It may come as no surprise to many lenders that the percentage of student loan borrowers leaving college with more than $20,000 in debt has doubled during the past decade, according to a report released by the Consumer Financial Protection Bureau (CFPB), titled “CFPB Data Point: Student Loan Repayment.”
The report analyzed credit reports from more than 1 million student loan borrowers who began repaying their loans between 2002 and 2014, as well as their repayment experience through 2016.
“The bureau’s research shows that people are taking on more student debt later in life, and having a tougher time paying it back,” CFPB Director Richard Cordray said in a press release. “Many employers have taken notice and are developing student loan repayment programs to assist employees in tackling their student debt. Our recommendations are aimed at helping employers ensure these innovative programs deliver their intended benefits.”

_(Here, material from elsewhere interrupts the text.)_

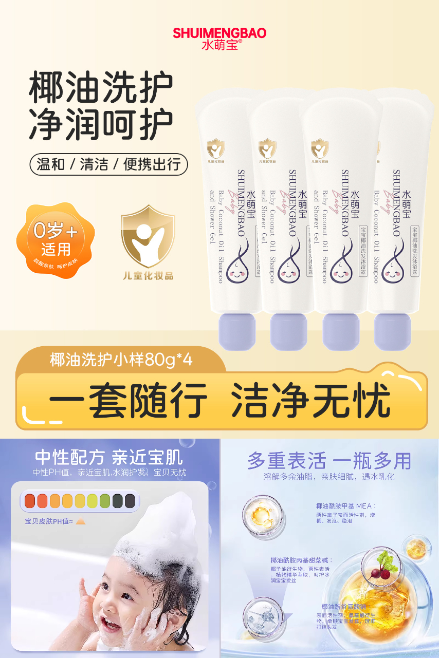 ⭕水萌宝椰油精华洗发沐浴旅行装80g*4

Cordray’s remarks refer to a separate report featuring numerous recommendations the bureau compiled to help employers and other companies that manage benefits programs maximize the benefits such programs provide borrowers, titled “Innovation Highlights: Emerging Student Loan Repayment Assistance Programs.”
The findings indicate that more than 40 percent of student loan borrowers left school with student debt totaling $20,000 or more, 30 percent were not paying down their loan balances after five years of repayment and about 50 percentage of borrowers do not begin repaying student loans until after the age of 34, which is double the percentage of roughly a decade ago. Conversely, the percentage of consumers beginning to repay student loans before the age of 25 has decreased from 30 percent to 15 percent.

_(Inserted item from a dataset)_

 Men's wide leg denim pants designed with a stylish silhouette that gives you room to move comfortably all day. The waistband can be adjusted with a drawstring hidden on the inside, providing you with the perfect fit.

The report also notes that about 23 percent of borrowers are not making payments large enough to reduce their student loan balances within 10 years of starting repayment, and more than 60 percent of those borrowers’ balances become delinquent. Many of them benefit from programs that allow them to stay current on their loans.
“[T]he share of borrowers not making payments large enough to reduce their balances has increased, particularly among borrowers with loans smaller than $20,000,” the report states. “Indeed, five years after starting repayment over 23 [percent] of these small-loan borrowers in recent cohorts are not making payments large enough to reduce their balances. While some of this trend likely reflects the growth of income-driven repayment plans, over half of this group is made up of borrowers who are delinquent or in default on their student loans.”
The bureau noted that the student loan market has seen rapid growth over the past decade. With approximately 44 million American borrowers owing money, the combined total of outstanding federal and private student loan debt exceeds $1.4 trillion. The majority of that debt is from federal loans.